Art History 391B - S-Death in the Roman World

Fall
2019
01
3.00
Laetitia La Follette
W 4:00PM 6:45PM
UMass Amherst
35598
South College W369
laelaf@arthist.umass.edu
35690
In this seminar we will explore ancient Roman funerary monuments and attitudes about death, memory and commemoration. Our primary focus will be the rich artistic tradition of Roman tombs, their architectural layout and sculptural decoration of portraits, sarcophagi, funerary altars and ash urns, but we will also explore potent images such as the skeleton and the ancestor mask. Roman society was exceptional in allowing widespread access to funerary commemoration across different social levels, so we will also compare the art set up in tombs of the elite to the funerary portraits and reliefs of the freedman class.

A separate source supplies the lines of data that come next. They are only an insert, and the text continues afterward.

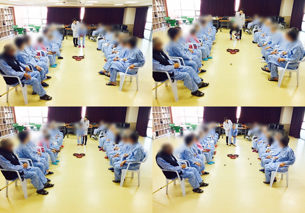 2016년 12월 20일 오늘은 치료레크리에이션으로 신문지 공 던지기를 하였습니다.
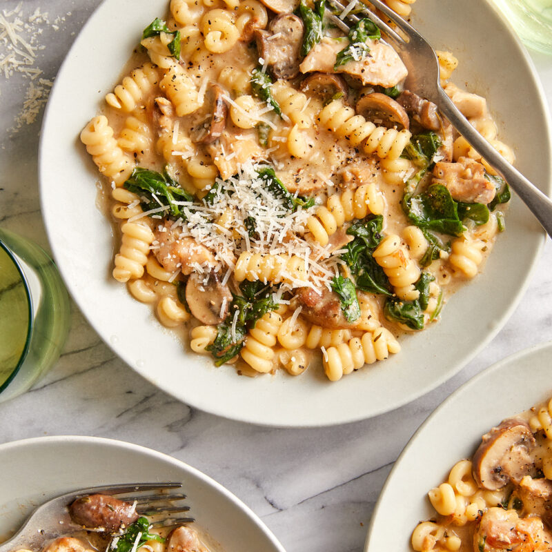 There’s just one pot and a few ingredients between you and dinner tonight. We’re talking tender chicken bites and a luscious, garlicky creamy pasta sauce with sneaked in greens for a one-and-done meal. Not to mention, so many less dishes to clean, a true weeknight hero.
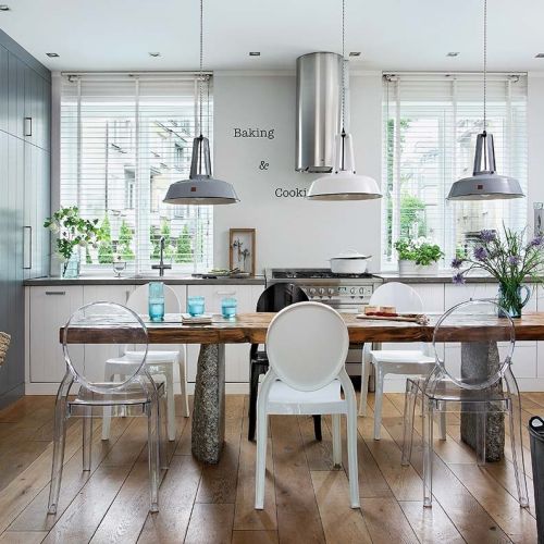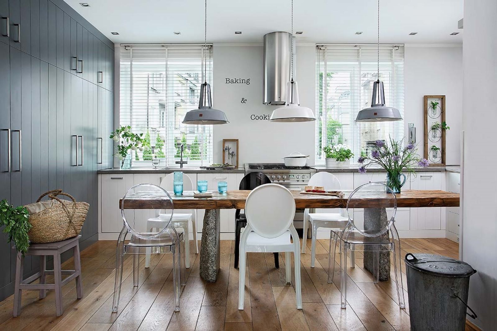 Dzisiaj rządzi nim eklektyzm – wystrój rustykalnych wnętrz jest bardziej zróżnicowany i świetnie łączy się np. z nowoczesnymi elementami i współczesnym designem. Taką aranżację zobaczycie m.in. w sesji Dwustuletni dom i nowoczesne meble. W tym domu, dzięki połączeniu starego z nowym, powstało wnętrze minimalistyczne, ale przytulne i z twistem. Innym ciekawym rozwiązaniem jest połączenie elementów rustykalnych i industrialnych. Obok drewna znajdą się więc odsłonięte cegły albo betonowe ściany. Jeśli lubicie odważne i oryginalne rozwiązania w kuchni, to taka mieszanka stylów będzie świetnym pomysłem.
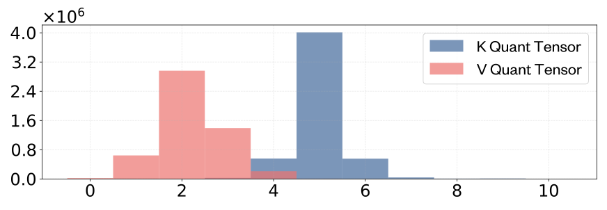 Why encode-aware repacking and bit-packing? We target a large compressionādecompression asymmetry. On Llama2-13B (40 layers, 5120 hidden, FP16/BF16) at 50 tokens/s, KV-cache generation is only 39.06Ā MB/sāmodest for modern compressorsāwhereas decoding must restore the entire KV cache for every new token; with thousand-token contexts, required decompression throughput is 3ā5 orders of magnitude higher compared to compression. Thus, we need an ultra-light decompressor that exploits the low-entropy distributions of quantized data (FigureĀ 5) and repeating patterns (FigureĀ 6), and that can be tightly fused with computation to cut memory traffic or even accelerate memory-bound kernels. Bit-packing best matches these constraints: it stores integers with minimal bits, excels on low-entropy, repetitive data, and we fuse it with matrixāvector operations. Encode-aware repacking further boosts compression by reordering KV vectors (leveraging the Permutation Invariance of KV Cache, introduced in [proof:permutation_invariance]) to increase per-pack homogeneity, improving the achievable encoding length without adding decompression overhead.
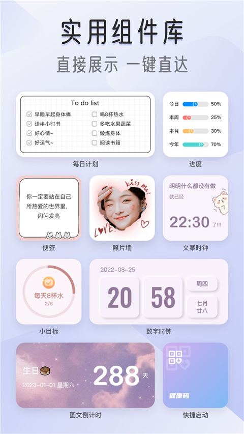 1、打开本站下载的app,可以看到系统推荐的许多有趣的小组件给你
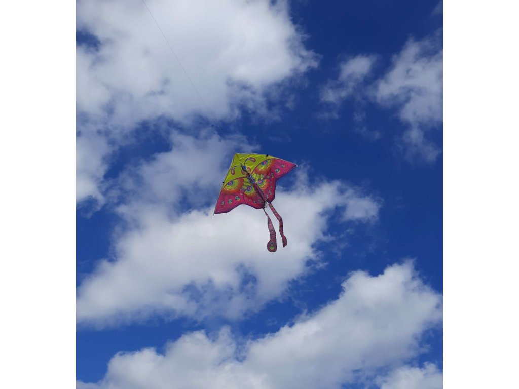 Velký barevný motýlí drak s nylonovým tělem a pevným lanem je ideální pro společnou zábavu venku. Díky detailnímu zpracování a lehké konstrukci je ideální pro celou rodinu. Rozměry: 90x48 cm. Zaručená radost pro vaše dítě!

Although there are lots of books on death in Rome, most tend to focus either on self-sacrifice, suicide and gladiators in the arena (such as C. Edwards, Death in Ancient Rome, Yale 2007 or D. Kyle, Spectacles of death in ancient Rome, Routledge 1998) or on rites and ceremonies for the dead (V. Hope, Death in Ancient Rome. A sourcebook, Routledge 2007; eadem, Roman death. The dying and the dead in ancient Rome, Continuum 2009). So rather than assign one text, we will be reading a wide variety of sources, mainly articles and book chapters, and using evidence from archaeology, epigraphy, history and literary studies as well as art history.
Permission is required for interchange registration during the add/drop period only.